Pai Hao, Kuo Tsung-Rong, Chung Ren-Jei, Kubendhiran Subbiramaniyan, Yougbaré Sibidou, Lin Lu-Yin
Department of Chemical Engineering and Biotechnology, National Taipei University of Technology, Taipei, Taiwan.
International PhD Program in Biomedical Engineering, College of Biomedical Engineering, Taipei Medical University, Taipei 11031, Taiwan; Graduate Institute of Nanomedicine and Medical Engineering, College of Biomedical Engineering, Taipei Medical University, Taipei 11031, Taiwan.
J Colloid Interface Sci. 2022 Oct 15;624:515-526. doi: 10.1016/j.jcis.2022.05.169. Epub 2022 Jun 1.

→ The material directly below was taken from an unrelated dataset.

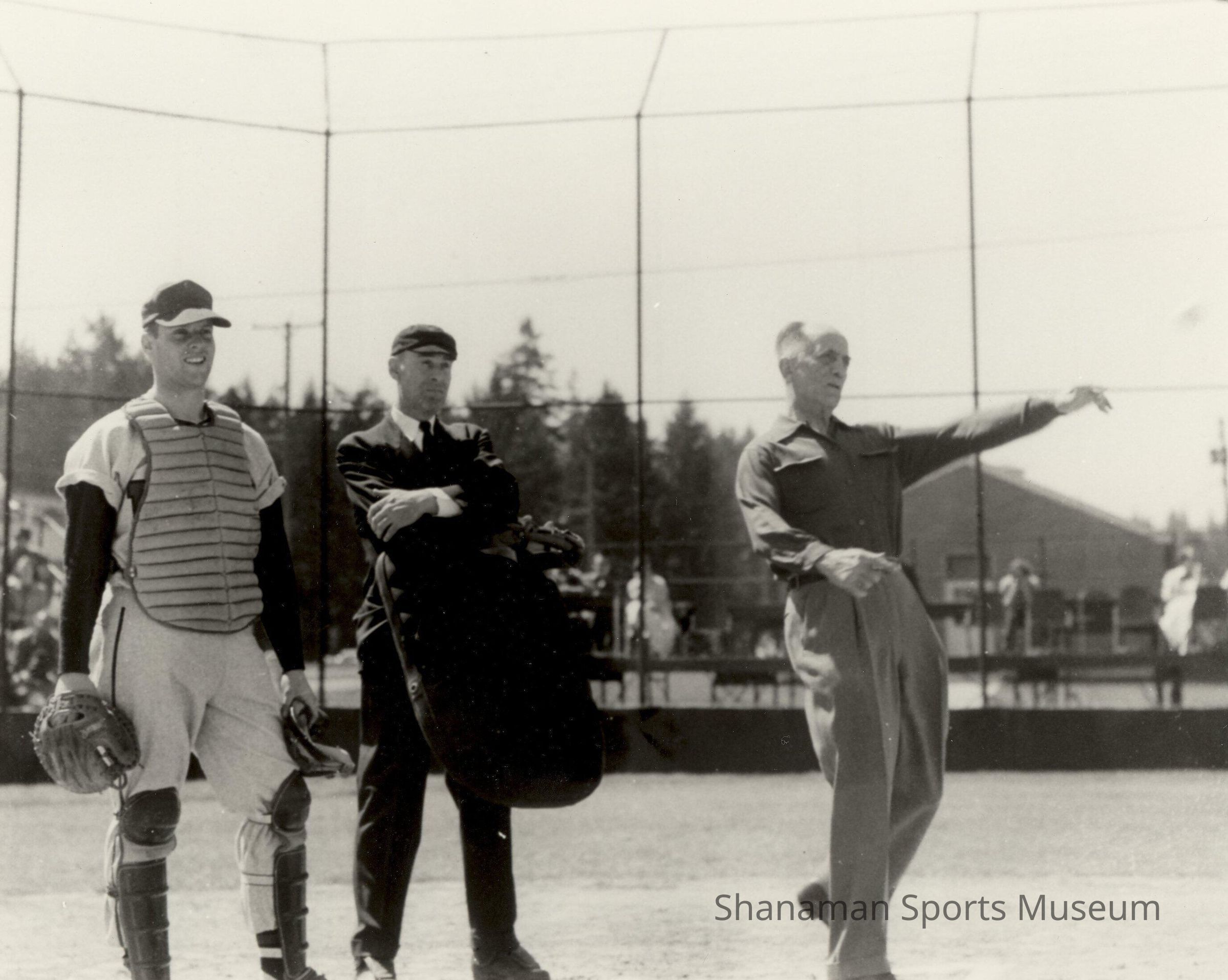 Noted Tacoma sports columnist Elliott Metcalf throws a baseball at a game shortly before he passed away in 1966. In an era before journalists were discouraged from being involved with community organizations, Metcalf was an original member of the Tacoma Athletic War Commission, which became the Tacoma Athletic Commission.Lexicon

Doping heteroatoms and decorating co-catalyst are intensively applied to improve photocatalytic ability of BiVO. In this study, it is the first time to design W-doped BiVO coupling MIL-101(Fe) as photocatalyst for water oxidation using electrodeposition and hydrothermal processes. Similar system with Mo as dopant has been reported, but the dopant plays important roles on electrochemical performance. It is worthy to study the efficient system with different dopant. Doping amount of W is optimized to achieve high carrier density without creating serious recombination sites. MIL-101(Fe) is decorated on W-doped BiVO to suppress surface recombination, create accessible active sites and improve water oxidation kinetics. Optimized W-doped BiVO/MIL-101(Fe) electrode shows a high photocurrent density of 4.00 mA/cm at 1.23 V versus reversible hydrogen electrode (V) under air mass 1.5-global simulated light illumination without hole scavenger in electrolyte, due to large electrochemical surface area, high carrier density and small charge-transfer resistance. The W-doped BiVO and BiVO electrodes merely show photocurrent densities of 2.96 and 1.72 mA/cm at 1.23 V, respectively. Photocurrent retention higher than 95.5% is obtained for W-doped BiVO/MIL-101 (Fe) electrode under continuous illumination for 6300 s, suggesting lasting photocatalytic ability of this novel W-doped BiVO/MIL-101(Fe) electrode.
掺杂杂原子和修饰助催化剂被广泛应用于提高BiVO的光催化能力。在本研究中,首次采用电沉积和水热法设计W掺杂的BiVO与MIL-101(Fe)耦合作为水氧化光催化剂。已报道过类似的以Mo作为掺杂剂的体系,但该掺杂剂对电化学性能起着重要作用。研究具有不同掺杂剂的高效体系是值得的。优化W的掺杂量以实现高载流子密度,同时不产生严重的复合位点。在W掺杂的BiVO上修饰MIL-101(Fe)以抑制表面复合,产生可及的活性位点并改善水氧化动力学。优化后的W掺杂BiVO/MIL-101(Fe)电极在空气质量1.5-全球模拟光照下,相对于可逆氢电极(V)在1.23 V时,在电解质中无空穴清除剂的情况下显示出4.00 mA/cm的高光电流密度,这归因于大的电化学表面积、高载流子密度和小的电荷转移电阻。W掺杂的BiVO电极和BiVO电极在1.23 V时分别仅显示出2.96和1.72 mA/cm的光电流密度。W掺杂BiVO/MIL-101(Fe)电极在连续光照6300 s下获得高于95.5%的光电流保留率,表明这种新型W掺杂BiVO/MIL-101(Fe)电极具有持久的光催化能力。